議事大殿內,氣氛凝重如鐵。
數十位來自七宗聯盟的長老、宗主,每一個都是北荒域跺跺腳就能引發一方震動的大人物,此刻卻全都沉默著,目光灼灼地匯聚在那個剛剛踏入大殿的年輕人身上。
林沫無視了這些要將人洞穿的視線,神情沒有一絲波瀾。
他手中捧著十幾卷獸皮,步伐沉穩,一步一步走到大殿中央那巨大的沙盤前。
“林首席。”
還是宗主清玄道長最先開口,打破了寂靜。
他的聲音里,帶著一絲連他自己都未曾察覺的期盼。
“一夜未眠,想必……已有定計?”
滿殿大佬的耳朵齊刷刷豎了起來。
林沫將手中的獸皮卷輕輕放在沙盤旁的桌案上,發出“啪”的一聲輕響,在這安靜的大殿里顯得格外清晰。

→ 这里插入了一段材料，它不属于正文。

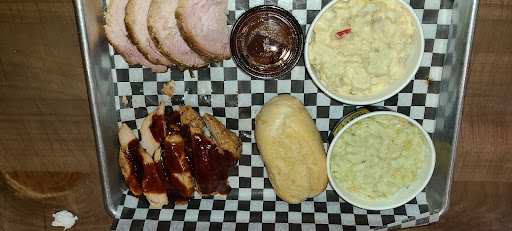 Prices where really up there $17.99 for a plate. One meat, a roll, and two sides. We got their "competition plate" and "poultry plate" $19.99 each. Their competition was brisket and burnt ends. Both were super dry and no flavor. There were spots that did have pepper on it but not much else for flavor. Where is the smoke!!? The poultry plate was better. The chicken and turkey were both moist and very flavourful. However I was very disappointed in the portion sizes to price ratio. You get more sides than meat. This is very disappointing. If i came to eat just the sides then that is all i would have ordered. A side is just that a side. It is disappointing to walk out still being hungry after spending nearly $50. Mac and cheese was over cooked noodles with a pasty cheese sauce, BBQ beans tasted weird and peppery, potato salad was ok, and the coleslaw was the best I have found up here.

他沒有立刻回答,而是伸出修長的手指,在沙盤上輕輕劃過,目光掃視著上面標注出的敵我態勢。
‘行了,前戲做足,逼格拉的差不多,也該開始我真正的表演了。’
林沫心里吐槽,表面上卻是一副胸有成竹、掌控一切的宗師氣派。
他緩緩抬起頭,目光平靜地掃過在場的每一個人,那眼神深邃得仿佛能看透人心,讓所有與他對視的長老都不由自主地避開了目光。

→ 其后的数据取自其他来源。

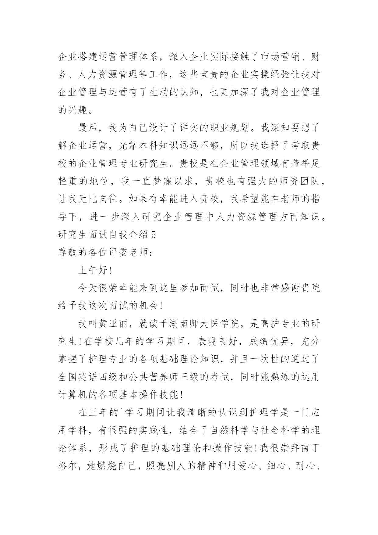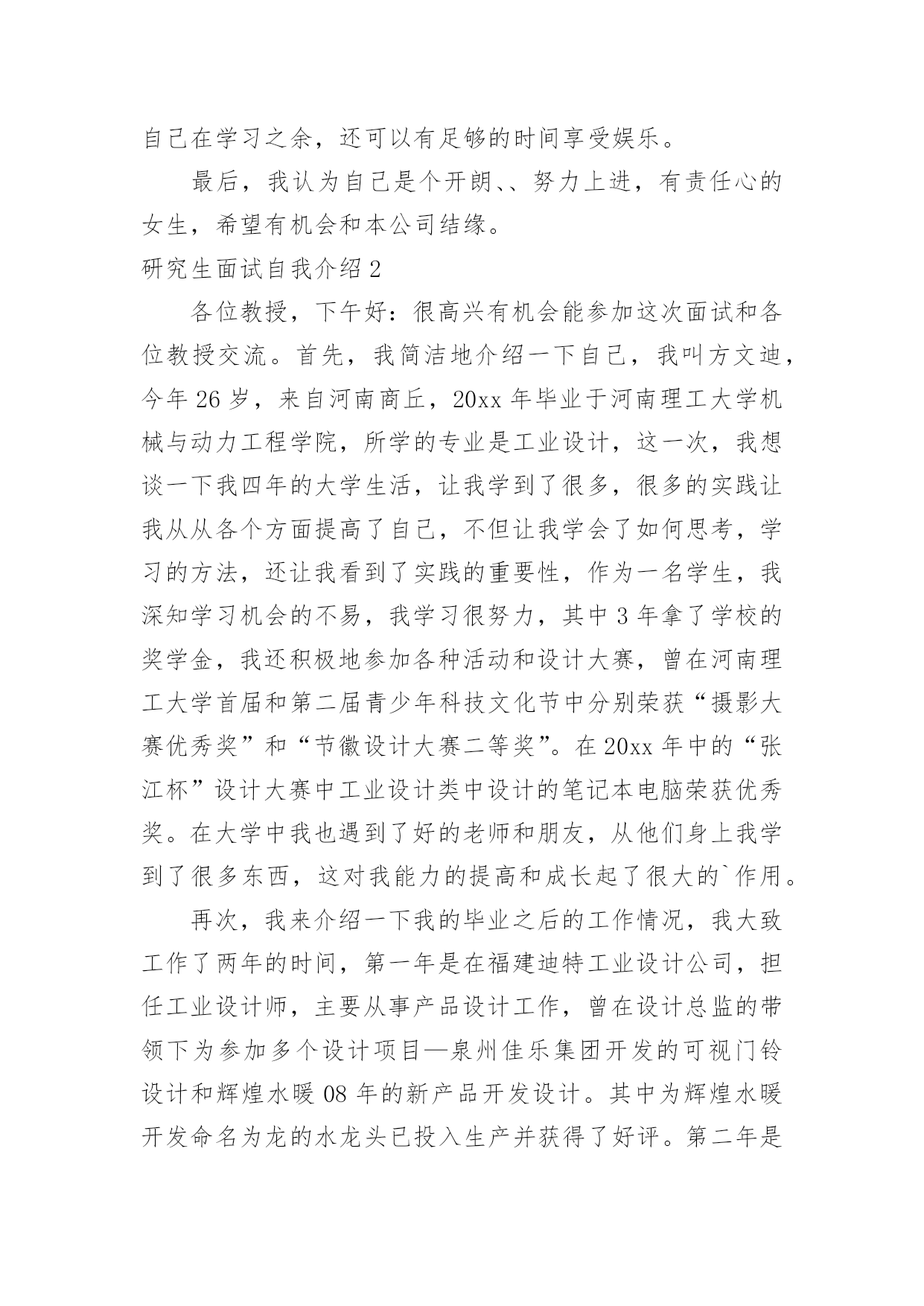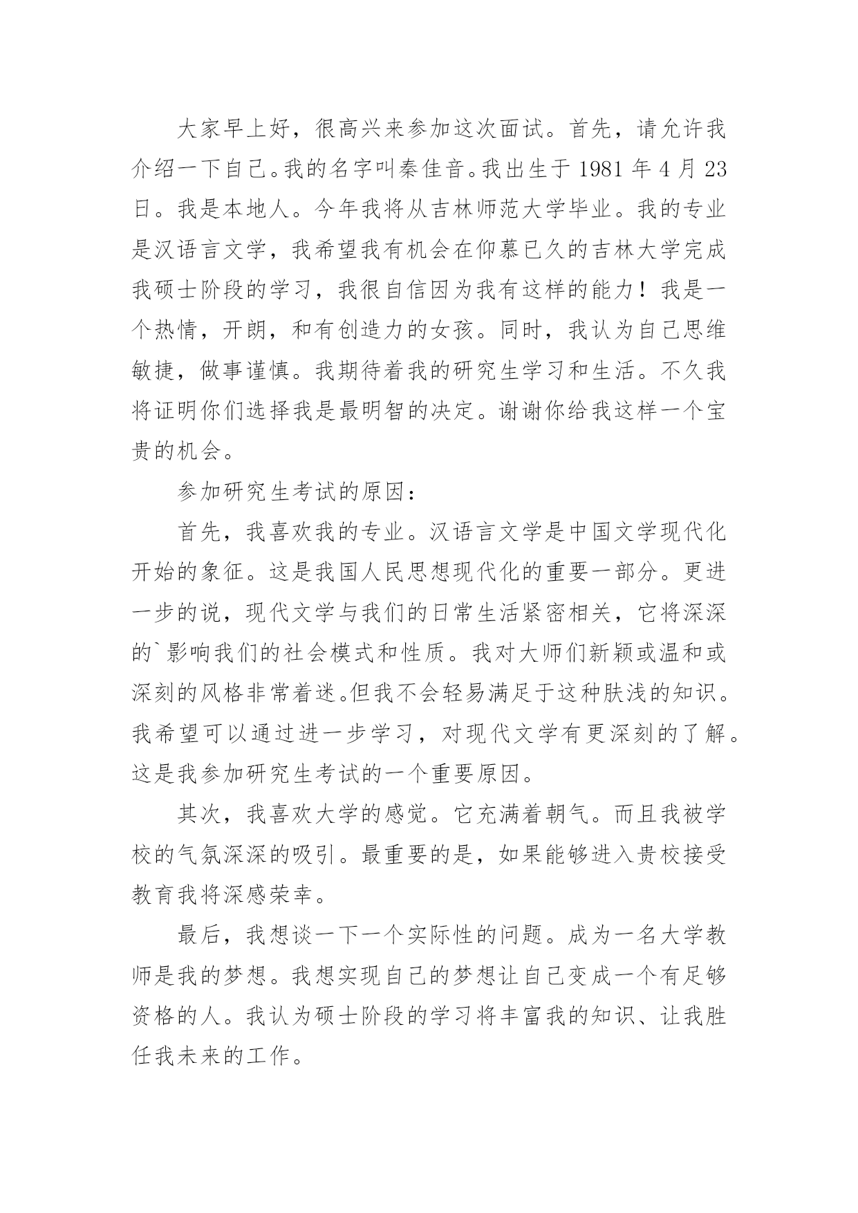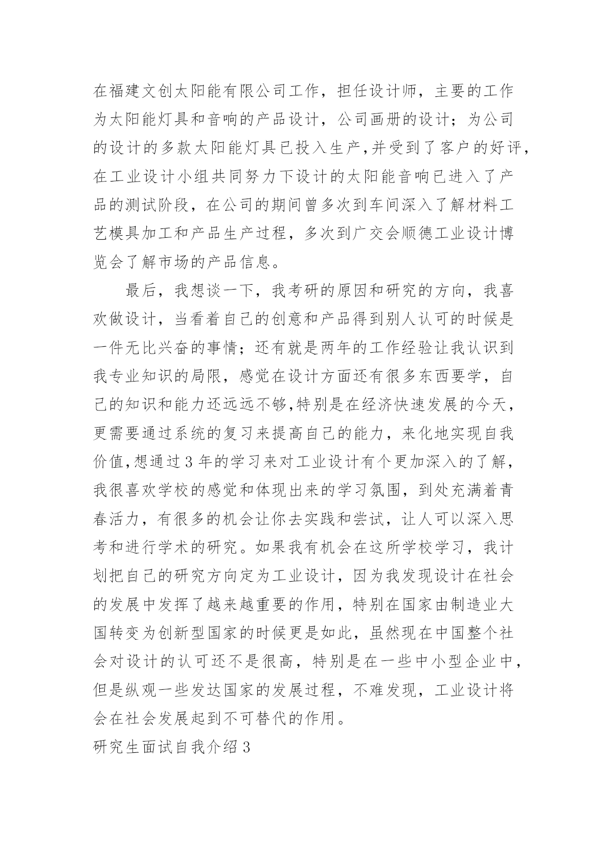 研究生面试自我介绍研究生面试自我介绍当碰到陌生人时候,我们有必要进行适当的自我介绍,自我介绍是我们重新认识自己的开始。那么我们该怎么去写自我介绍呢?以下是小编整理的研究生面试自我介绍,希望对大家有所帮助。研究生面试自我介绍1大家好,我是,来自于xxx学校,我的专业是工商管理。在大学的四年,我先后获得过xxx奖学金,校级优秀学生干部,xxx(国家、学校比赛)奖。今天我应聘的职位是xx市场类。我将主要从四个方面来以阐述:我的专业是工商管理,三年中,我主要做过的课业项目有:西安傣妹火锅店的市场满意度调查和选址分析;宜兴紫砂茶具进入英国市场的营销方案研究;陕西东岭工贸组织结构随织规模演变的'实证研究。通过理论知识的学习,利用假期及课余时间参加市场、销售方面的实习、兼职工作。XX年寒假,上海家化玉泽品牌助理实习;XX年寒假,陕西春雨文化教育有限工资咨询顾问实习以及西安海尔工贸有限公司海尔冰箱销售专员的兼职等。一直以来我对自己的要求是要想一个高速旋转的齿轮一样,所以我会提前对自己的时间做比较严密的规划,保证自己在学习之余,还可以有足够的时间享受娱乐。最后,我认为自己是个开朗、、努力上进,有责任心的女生,希望有机会和本公司结缘。研究生面试自我介绍2各位教授,下午好:很高兴有机会能参加这次面试和各位教授交流。首先,我简洁地介绍一下自己,我叫方文迪,今年26岁,来自河南商丘,20xx年毕业于河南理工大学机械与动力工程学院,所学的专业是工业设计,这一次,我想谈一下我四年的大学生活,让我学到了很多,很多的实践让我从从各个方面提高了自己,不但让我学会了如何思考,学习的方法,还让我看到了实践的重要性,作为一名学生,我深知学习机会的不易,我学习很努力,其中3年拿了学校的奖学金,我还积极地参加各种活动和设计大赛,曾在河南理工大学首届和第二届青少年科技文化节中分别荣获“摄影大赛优秀奖”和“节徽设计大赛二等奖”。在20xx年中的“张江杯”设计大赛中工业设计类中设计的笔记本电脑荣获优秀奖。在大学中我也遇到了好的老师和朋友,从他们身上我学到了很多东西,这对我能力的提高和成长起了很大的`作用。再次,我来介绍一下我的毕业之后的工作情况,我大致工作了两年的时间,第一年是在福建迪特工业设计公司,担任工业设计师,主要从事产品设计工作,曾在设计总监的带领下为参加多个设计项目—泉州佳乐集团开发的可视门铃设计和辉煌水暖08年的新产品开发设计。其中为辉煌水暖开发命名为龙的水龙头已投入生产并获得了好评。第二年是在福建文创太阳能有限公司工作,担任设计师,主要的工作为太阳能灯具和音响的产品设计,公司画册的设计;为公司的设计的多款太阳能灯具已投入生产,并受到了客户的好评,在工业设计小组共同努力下设计的太阳能音响已进入了产品的测试阶段,在公司的期间曾多次到车间深入了解材料工艺模具加工和产品生产过程,多次到广交会顺德工业设计博览会了解市场的产品信息。最后,我想谈一下,我考研的原因和研究的方向,我喜欢做设计,当看着自己的创意和产品得到别人认可的时候是一件无比兴奋的事情;还有就是两年的工作经验让我认识到我专业知识的局限,感觉在设计方面还有很多东西要学,自己的知识和能力还远远不够,特别是在经济快速发展的今天,更需要通过系统的复习来提高自己的能力,来化地实现自我价值,想通过3年的学习来对工业设计有个更加深入的了解,我很喜欢学校的感觉和体现出来的学习氛围,到处充满着青春活力,有很多的机会让你去实践和尝试,让人可以深入思考和进行学术的研究。如果我有机会在这所学校学习,我计划把自己的研究方向定为工业设计,因为我发现设计在社会的发展中发挥了越来越重要的作用,特别在国家由制造业大国转变为创新型国家的时候更是如此,虽然现在中国整个社会对设计的认可还不是很高,特别是在一些中小型企业中,但是纵观一些发达国家的发展过程,不难发现,工业设计将会在社会发展起到不可替代的作用。研究生面试自我介绍3大家早上好,很高兴来参加这次面试。首先,请允许我介绍一下自己。我的名字叫秦佳音。我出生于1981年4月23日。我是本地人。今年我将从吉林师范大学毕业。我的专业是汉语言文学,我希望我有机会在仰慕已久的吉林大学完成我硕士阶段的学习,我很自信因为我有这样的能力!我是一个热情,开朗,和有创造力的女孩。同时,我认为自己思维敏捷,做事谨慎。我期待着我的研究生学习和生活。不久我将证明你们选择我是最明智的决定。谢谢你给我这样一个宝贵的机会。参加研究生考试的原因:首先,我喜欢我的专业。汉语言文学是中国文学现代化开始的象征。这是我国人民思想现代化的重要一部分。更进一步的说,现代文学与我们的日常生活紧密相关,它将深深的`影响我们的社会模式和性质。我对大师们新颖或温和或深刻的风格非常着迷。但我不会轻易满足于这种肤浅的知识。我希望可以通过进一步学习,对现

“魔道勢大,其打法詭譎狠厲,毫無章法可言。若以堂堂之陣正面強攻,無異于以卵擊石。”
他開口了,聲音不大,卻清晰地傳遍大殿的每一個角落。
“我軍初敗,士氣低落,若再敗一陣,聯盟便有分崩離析之危。”
這番話,說得在場眾人心中一沉,臉色都難看了幾分。
這不就是他們正在發愁的事情嗎?
說了跟沒說一樣。
“所以……”林沫話鋒一轉,聲音陡然拔高,
“此戰,當出奇制勝!”
他猛地從桌上拿起一卷獸皮,“嘩啦”一聲展開。
眾人定睛看去,只見上面畫著鬼畫符一般的陣圖和行軍路線,旁邊還用氣勢磅礴的字體寫著幾個大字。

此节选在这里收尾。